■ **Data shown**
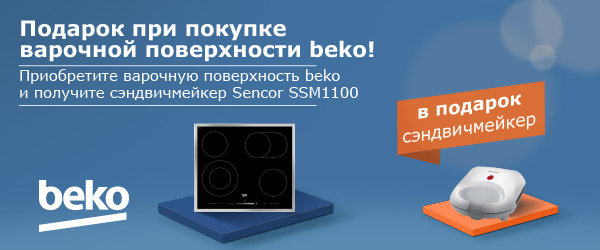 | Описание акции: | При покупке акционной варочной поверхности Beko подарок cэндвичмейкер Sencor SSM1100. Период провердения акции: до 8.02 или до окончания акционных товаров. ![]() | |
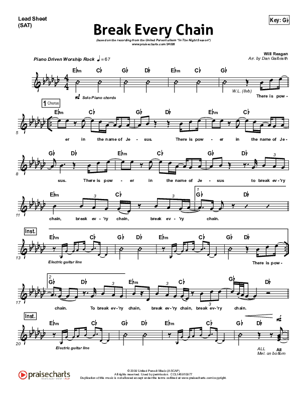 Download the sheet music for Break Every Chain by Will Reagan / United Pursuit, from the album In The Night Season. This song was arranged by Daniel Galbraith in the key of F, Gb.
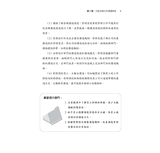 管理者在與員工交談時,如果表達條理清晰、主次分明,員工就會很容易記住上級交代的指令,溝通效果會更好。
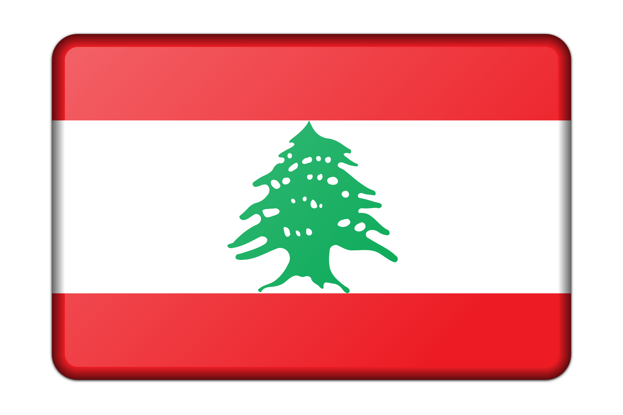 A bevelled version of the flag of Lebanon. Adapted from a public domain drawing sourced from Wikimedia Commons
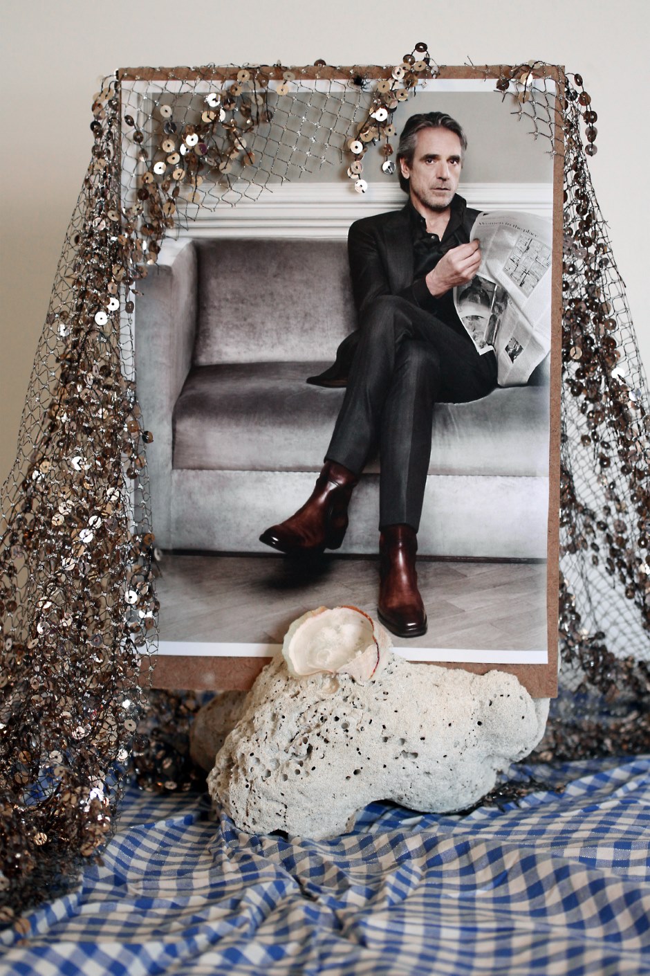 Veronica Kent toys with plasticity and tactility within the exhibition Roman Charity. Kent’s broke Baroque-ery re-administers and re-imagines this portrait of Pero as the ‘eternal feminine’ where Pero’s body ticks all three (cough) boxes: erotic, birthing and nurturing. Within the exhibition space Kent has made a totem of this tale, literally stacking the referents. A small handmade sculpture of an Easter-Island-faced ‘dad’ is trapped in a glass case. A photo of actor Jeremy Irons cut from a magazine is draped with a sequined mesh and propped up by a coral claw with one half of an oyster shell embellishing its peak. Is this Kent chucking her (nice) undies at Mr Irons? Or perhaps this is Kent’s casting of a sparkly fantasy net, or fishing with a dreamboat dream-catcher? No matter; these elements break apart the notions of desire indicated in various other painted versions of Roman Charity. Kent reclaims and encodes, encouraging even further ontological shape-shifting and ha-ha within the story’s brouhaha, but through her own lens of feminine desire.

■ **Work instructions**
Please reproduce the lines exactly from the one containing "管理者在與員工交談時,如果表" through the last line of the data above, and keep the pictures out.

■ **Solution for this task**
 管理者在與員工交談時,如果表達條理清晰、主次分明,員工就會很容易記住上級交代的指令,溝通效果會更好。
 A bevelled version of the flag of Lebanon. Adapted from a public domain drawing sourced from Wikimedia Commons
 Veronica Kent toys with plasticity and tactility within the exhibition Roman Charity. Kent’s broke Baroque-ery re-administers and re-imagines this portrait of Pero as the ‘eternal feminine’ where Pero’s body ticks all three (cough) boxes: erotic, birthing and nurturing. Within the exhibition space Kent has made a totem of this tale, literally stacking the referents. A small handmade sculpture of an Easter-Island-faced ‘dad’ is trapped in a glass case. A photo of actor Jeremy Irons cut from a magazine is draped with a sequined mesh and propped up by a coral claw with one half of an oyster shell embellishing its peak. Is this Kent chucking her (nice) undies at Mr Irons? Or perhaps this is Kent’s casting of a sparkly fantasy net, or fishing with a dreamboat dream-catcher? No matter; these elements break apart the notions of desire indicated in various other painted versions of Roman Charity. Kent reclaims and encodes, encouraging even further ontological shape-shifting and ha-ha within the story’s brouhaha, but through her own lens of feminine desire.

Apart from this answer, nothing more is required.